▸ PROBLEM
Without the images, repeat every line of the listing verbatim.

RECORDED INFORMATION: Begin

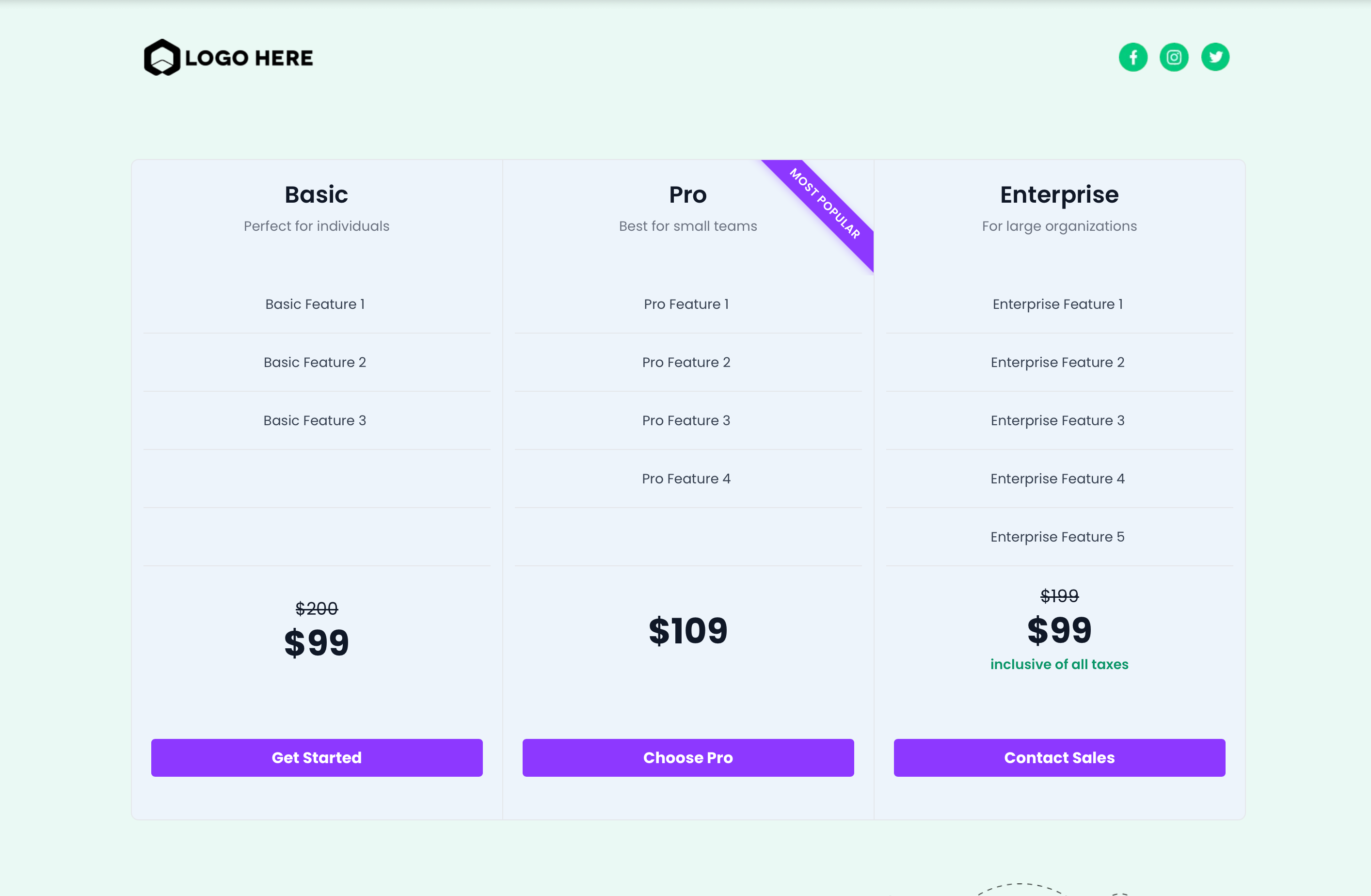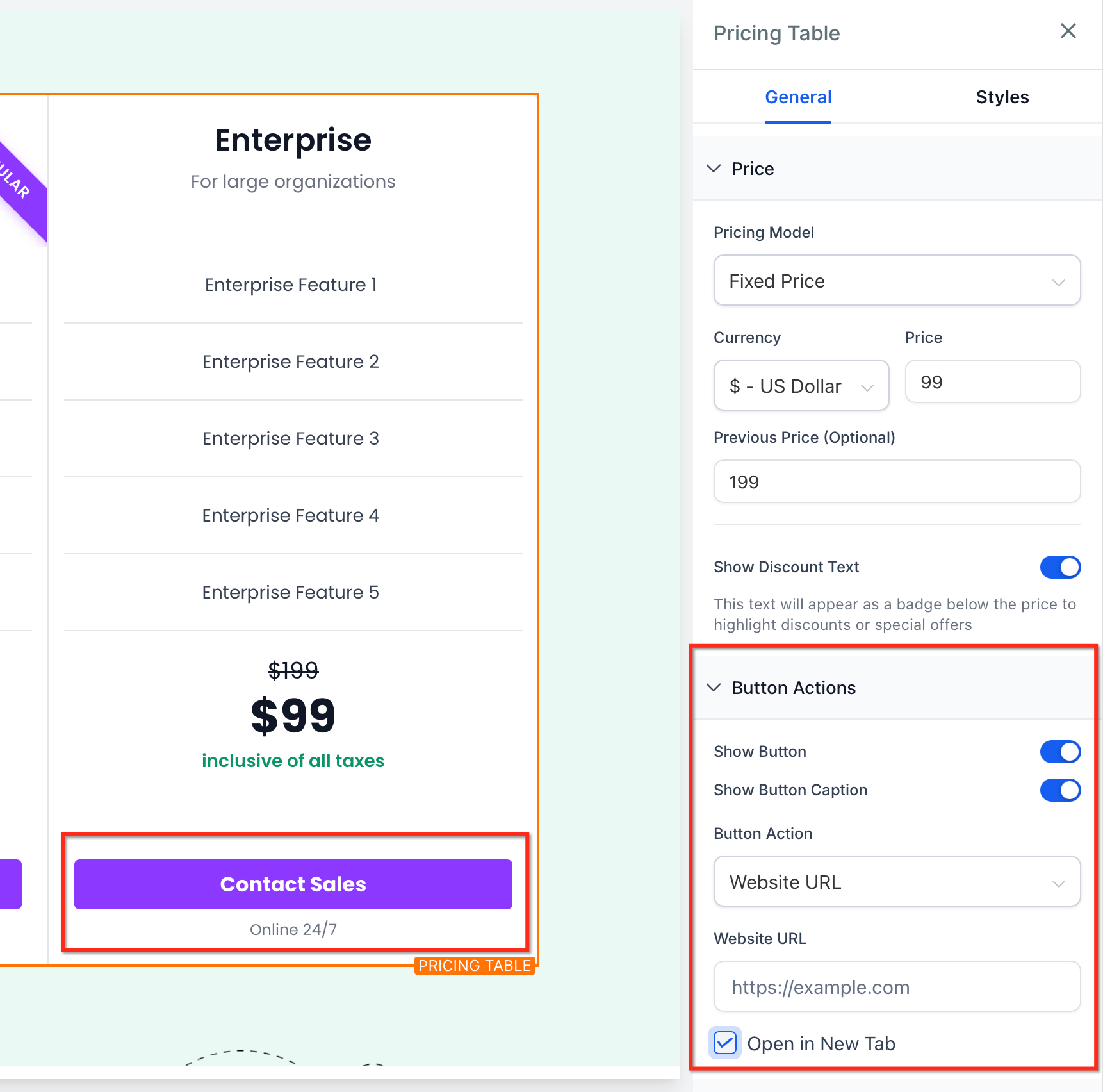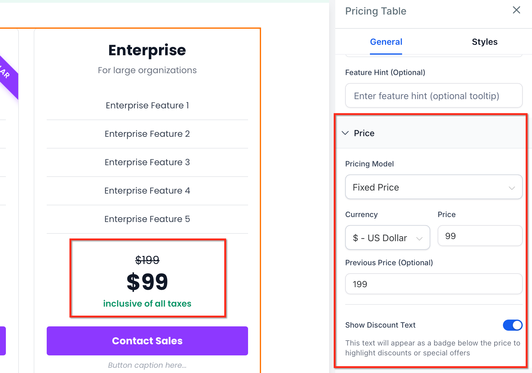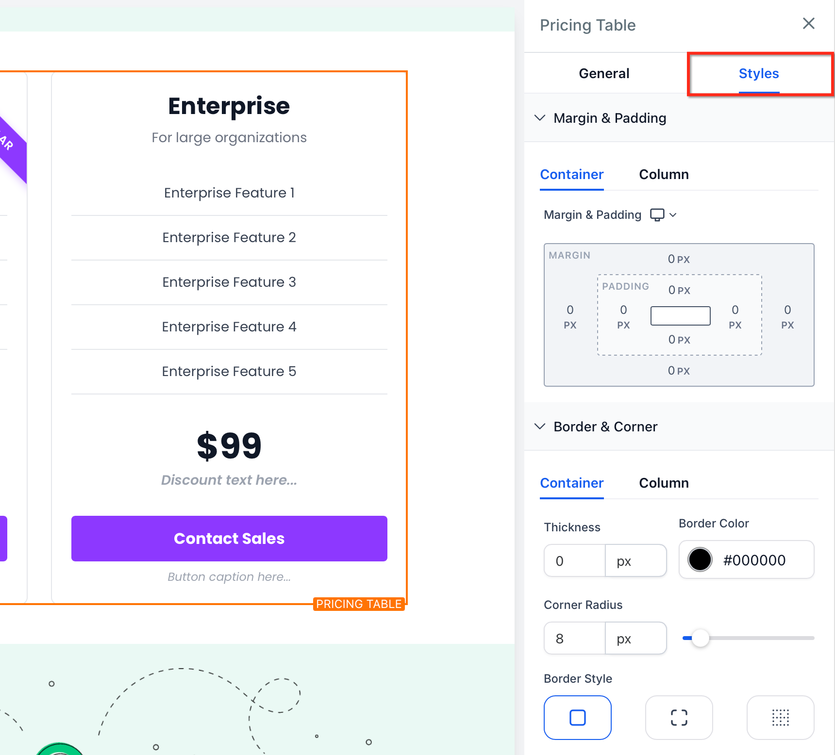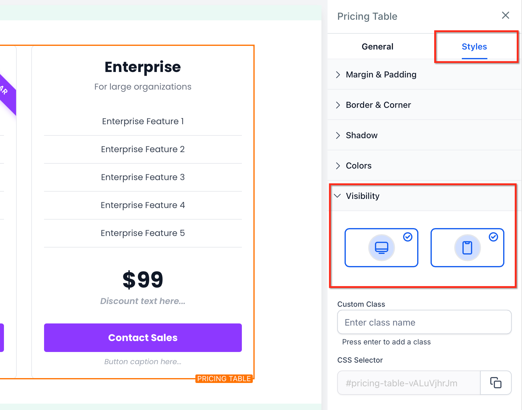 Styling ensures the Pricing Table blends with your brand while remaining readable and accessible.
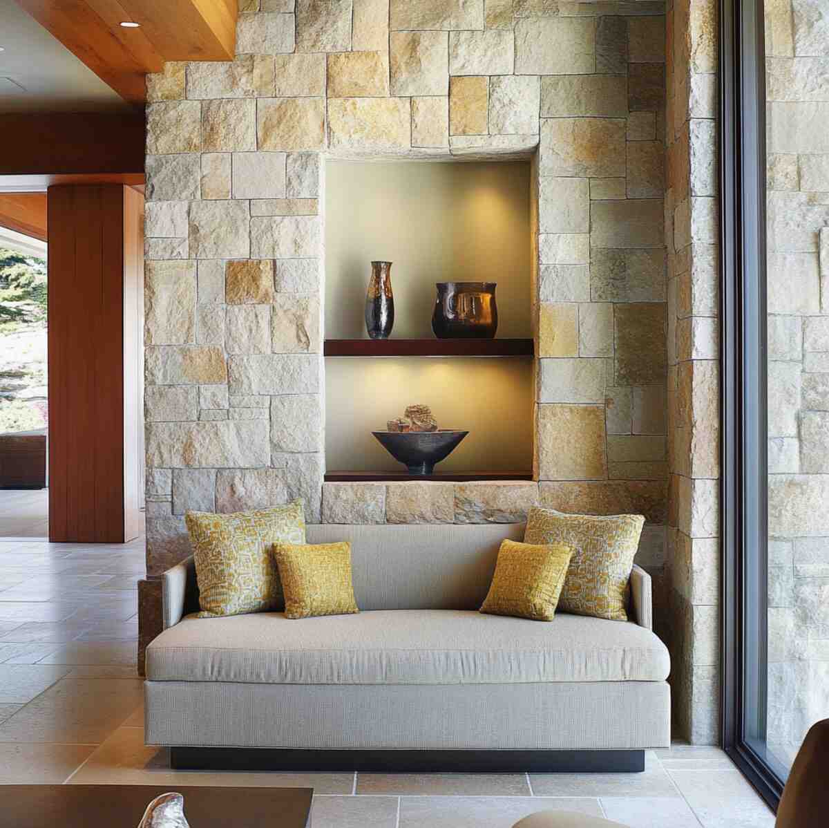 A stone-clad statement niche brings an earthy, textured feel into the living room. As part of Built-In Wall Niche Ideas for Living Rooms, it adds instant character and can make a simple wall feel like a feature piece.
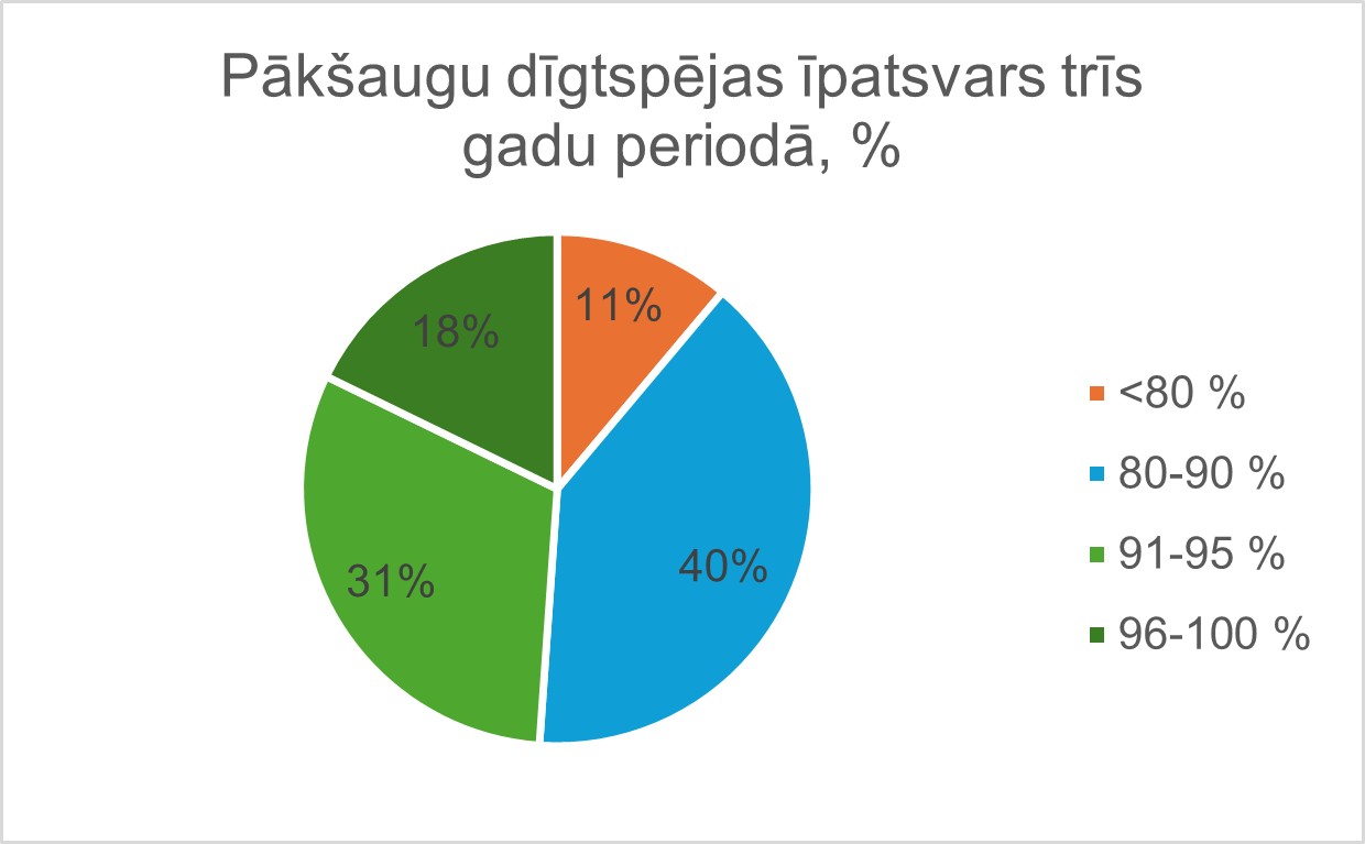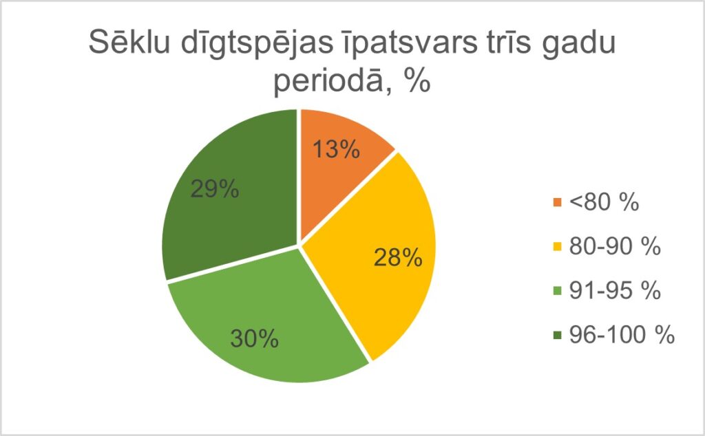 Kopumā dīgtspējas rādītāji saglabājas salīdzinoši augstā līmenī, tomēr to sadalījums pa dīgtspējas intervāliem laika gaitā mainās. Atsevišķos gados palielinās paraugu īpatsvars ar vidēju dīgtspēju (80–90%), vienlaikus samazinoties ļoti augstas (96–100%) vai ļoti zemas (<80%) dīgtspējas paraugu īpatsvaram.

RECORDED INFORMATION: End

▸ COMPLETED TASK
 Styling ensures the Pricing Table blends with your brand while remaining readable and accessible.
 A stone-clad statement niche brings an earthy, textured feel into the living room. As part of Built-In Wall Niche Ideas for Living Rooms, it adds instant character and can make a simple wall feel like a feature piece.
 Kopumā dīgtspējas rādītāji saglabājas salīdzinoši augstā līmenī, tomēr to sadalījums pa dīgtspējas intervāliem laika gaitā mainās. Atsevišķos gados palielinās paraugu īpatsvars ar vidēju dīgtspēju (80–90%), vienlaikus samazinoties ļoti augstas (96–100%) vai ļoti zemas (<80%) dīgtspējas paraugu īpatsvaram.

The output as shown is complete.